### Data shown:
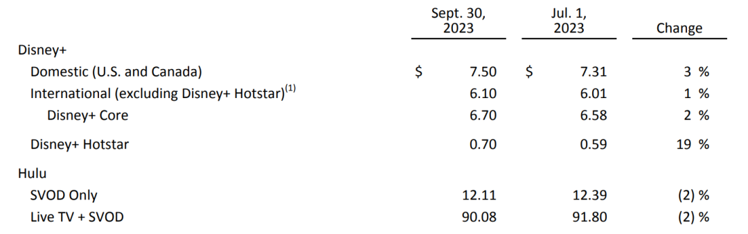 另外,迪士尼也在持续优化流媒体业务的变现率。在对Disney+和Hulu免广告套餐每月上浮3美元后,Disney+本土的单户每月平均收入提升近3%至7.50美元。
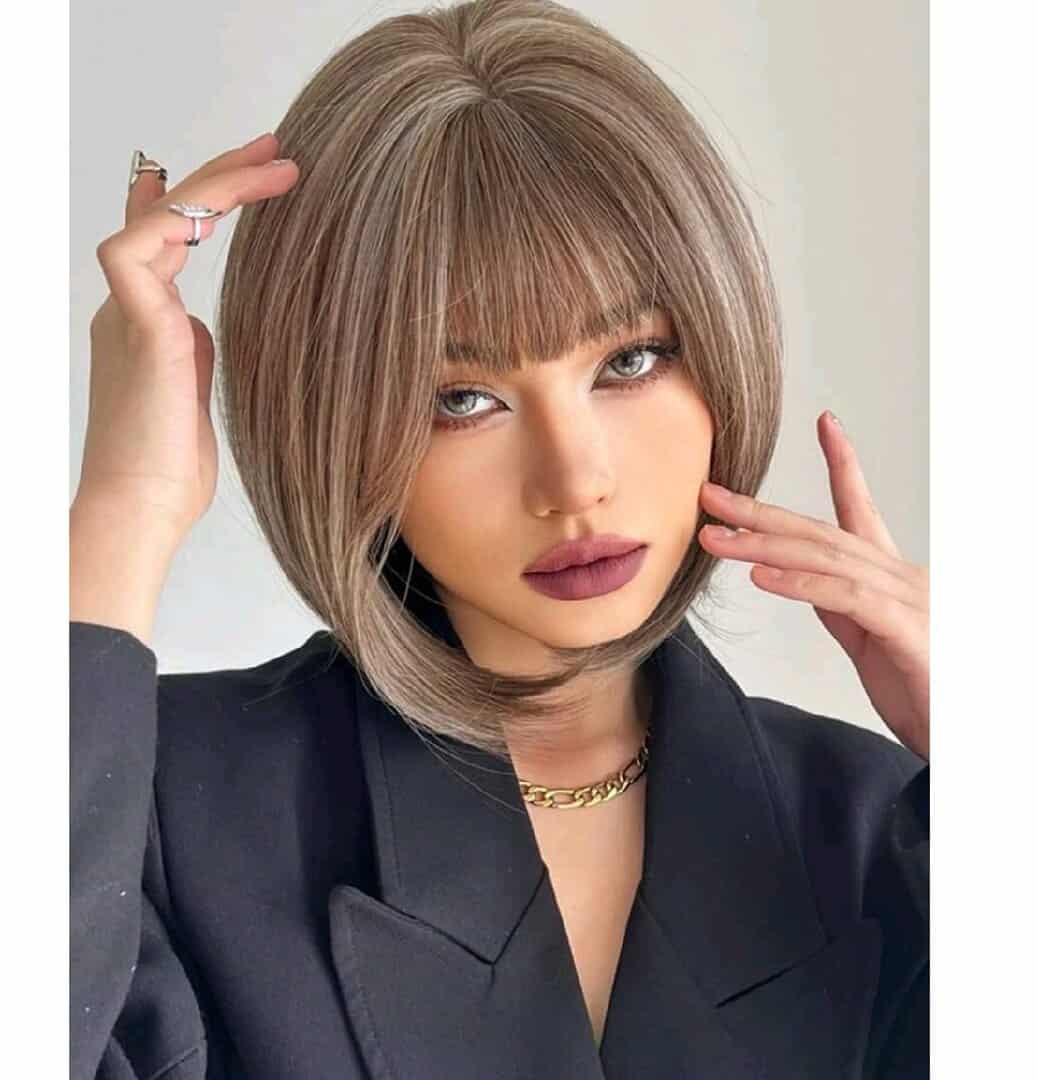 Γυναικεία περούκα καστανό με ανταύγειες χρώμα συνθετική υψηλής ποιότητας 12 inches
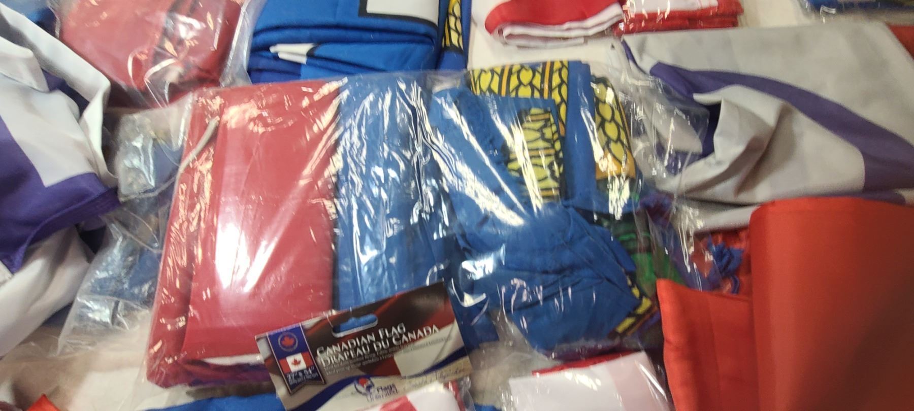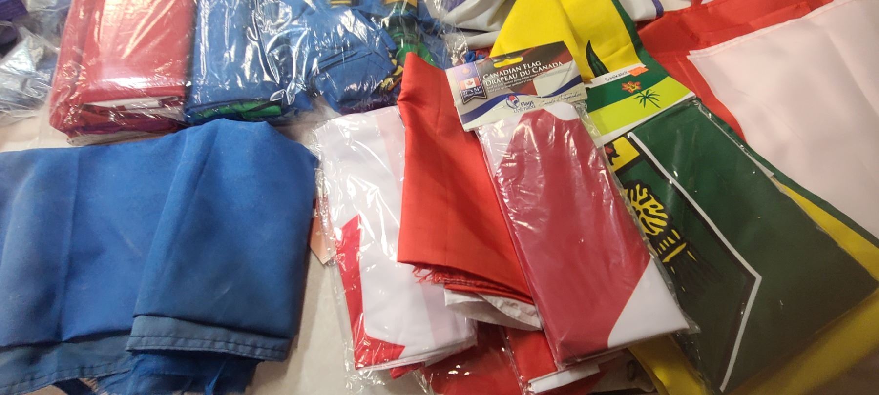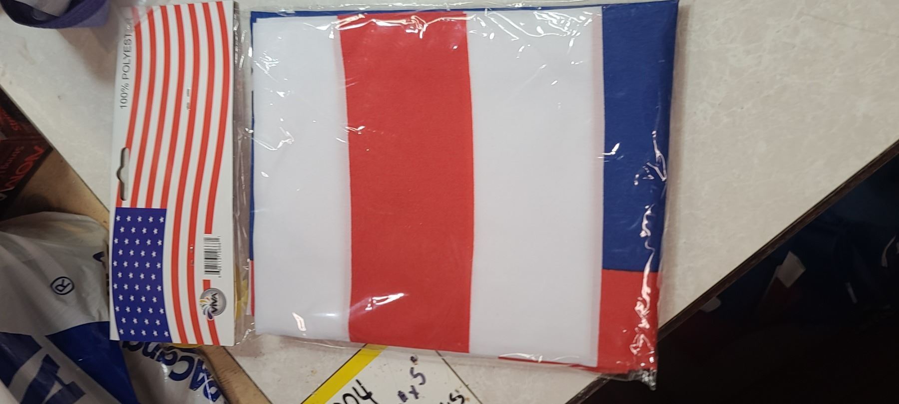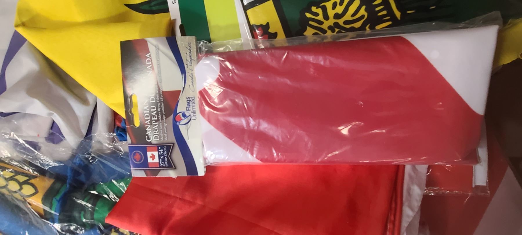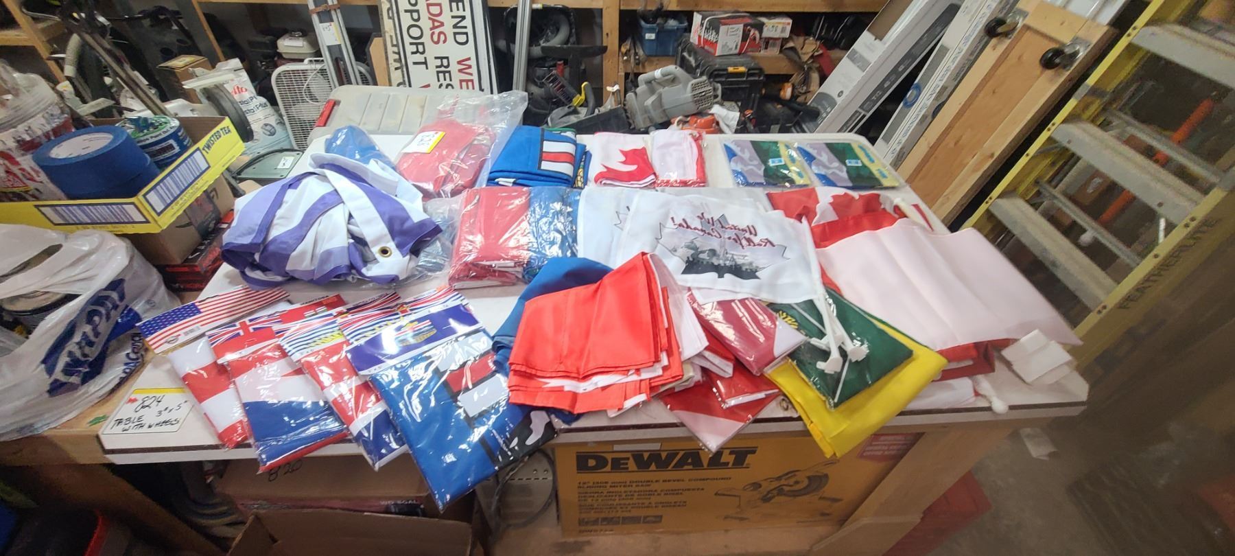 LARGE BOX OF NEW AND USED FLAGS ROUGHLY 25 NEW AND 25 USED

### Exercise brief:
When the line that holds "Γυναικεία περούκα καστανό" is reached, begin duplicating exactly, and continue through the last line of the listing, skipping the pictures; output nothing else.

### Final answer:
 Γυναικεία περούκα καστανό με ανταύγειες χρώμα συνθετική υψηλής ποιότητας 12 inches
 LARGE BOX OF NEW AND USED FLAGS ROUGHLY 25 NEW AND 25 USED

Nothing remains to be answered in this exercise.